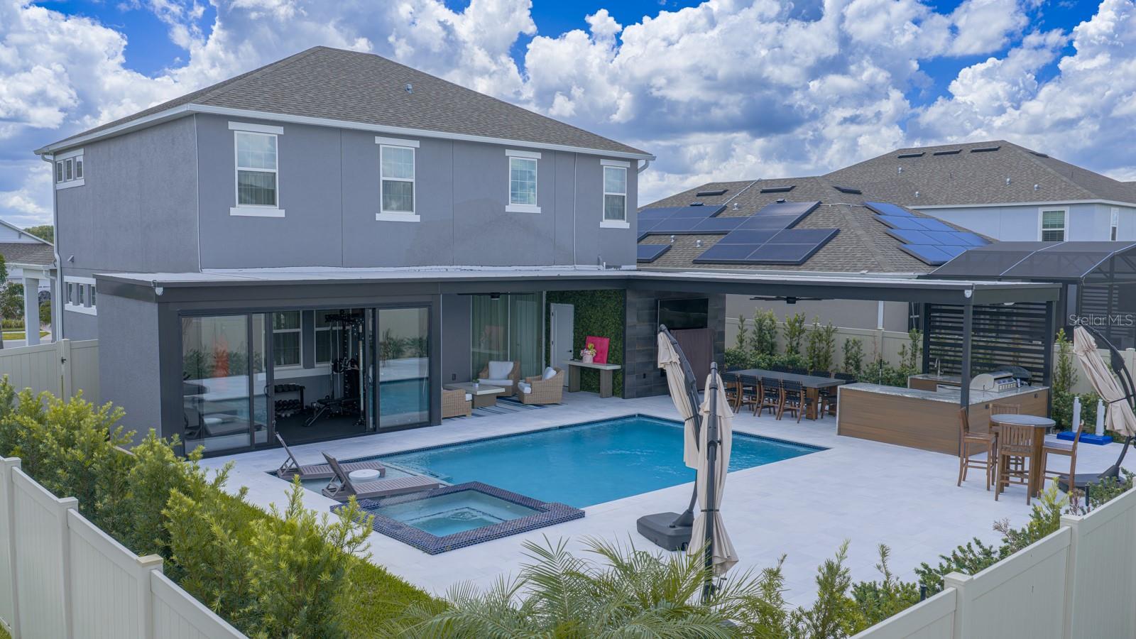 Luxury Living in Tilden Place – An Exclusive Offering in Winter Garden Welcome to a home where sophistication meets smart design in one of Winter Garden’s most desirable gated communities, Tilden Place. This impeccably curated 5-bedroom, 4-bath residence offers the perfect balance of elegance, comfort, and functionality. On the main floor, a private guest room and a full bath provides an ideal space for visitors or extended family. The open-concept design effortlessly connects the living room, kitchen with gas cooktop, and expansive outdoor area creating a seamless indoor-outdoor lifestyle perfect for everyday living and entertaining. Upstairs, three additional bedrooms each include spacious walk-in closets. A large bonus loft provides the flexibility for a family room, game area, home theater, or a fifth bedroom complete with its own walk-in closet. Luxury vinyl plank flooring throughout the second level and stairs adds both durability and elegance, while custom closets and built-in cabinetry speak to the home’s exceptional attention to detail. Over $50,000 has been invested in high-end custom cabinetry and flooring, with an additional $10,000 in designer curtains enhancing the ambiance. Step outside into your private $280,000 outdoor retreat a true showpiece featuring a resort-style pool, fully equipped summer kitchen with built-in BBQ, full bathroom, and a covered outdoor gym, all under a sleek pergola designed for shade and privacy. Summer kitchen features granite countertops, premium stainless steel appliances including refrigerator, dishwasher, and built-in ice maker, along with custom cabinetry for ample storage. Additional Features:? ?? 2-car garage? ?? Prime corner lot for added privacy? ?? Upscale finishes? ?? Smart floorplan with abundant storage throughout
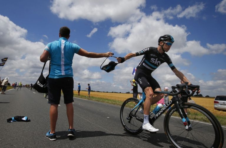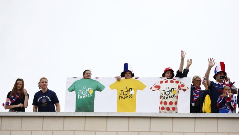 Slovenský cyklista Peter Sagan na stupňoch pre víťazov po štvrtej etape 103. ročníka Tour de France, v ktorej obsadil tretie miesto. Limoges, 5. júl 2016. Foto: SITA/AP
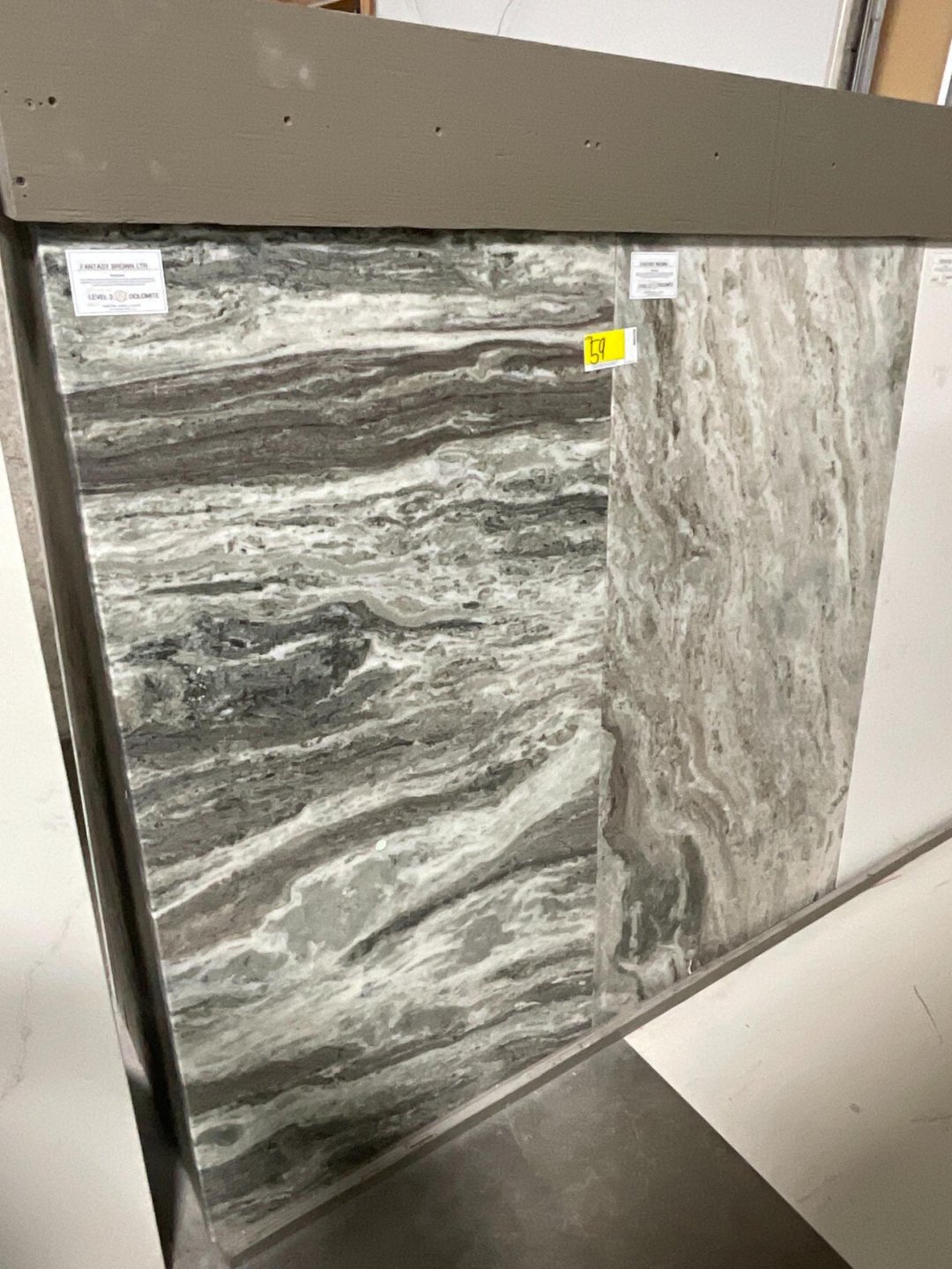 •(4) 30"x56" Dolomite & Quartz Slabs with/ 1 Wood Display Racks
*-*-*
WHAT IS EXPECTED: A faithful copy of all the lines above is needed, with the pictures omitted.

ANSWER TO THIS PROBLEM:
 Luxury Living in Tilden Place – An Exclusive Offering in Winter Garden Welcome to a home where sophistication meets smart design in one of Winter Garden’s most desirable gated communities, Tilden Place. This impeccably curated 5-bedroom, 4-bath residence offers the perfect balance of elegance, comfort, and functionality. On the main floor, a private guest room and a full bath provides an ideal space for visitors or extended family. The open-concept design effortlessly connects the living room, kitchen with gas cooktop, and expansive outdoor area creating a seamless indoor-outdoor lifestyle perfect for everyday living and entertaining. Upstairs, three additional bedrooms each include spacious walk-in closets. A large bonus loft provides the flexibility for a family room, game area, home theater, or a fifth bedroom complete with its own walk-in closet. Luxury vinyl plank flooring throughout the second level and stairs adds both durability and elegance, while custom closets and built-in cabinetry speak to the home’s exceptional attention to detail. Over $50,000 has been invested in high-end custom cabinetry and flooring, with an additional $10,000 in designer curtains enhancing the ambiance. Step outside into your private $280,000 outdoor retreat a true showpiece featuring a resort-style pool, fully equipped summer kitchen with built-in BBQ, full bathroom, and a covered outdoor gym, all under a sleek pergola designed for shade and privacy. Summer kitchen features granite countertops, premium stainless steel appliances including refrigerator, dishwasher, and built-in ice maker, along with custom cabinetry for ample storage. Additional Features:? ?? 2-car garage? ?? Prime corner lot for added privacy? ?? Upscale finishes? ?? Smart floorplan with abundant storage throughout
 Slovenský cyklista Peter Sagan na stupňoch pre víťazov po štvrtej etape 103. ročníka Tour de France, v ktorej obsadil tretie miesto. Limoges, 5. júl 2016. Foto: SITA/AP
 •(4) 30"x56" Dolomite & Quartz Slabs with/ 1 Wood Display Racks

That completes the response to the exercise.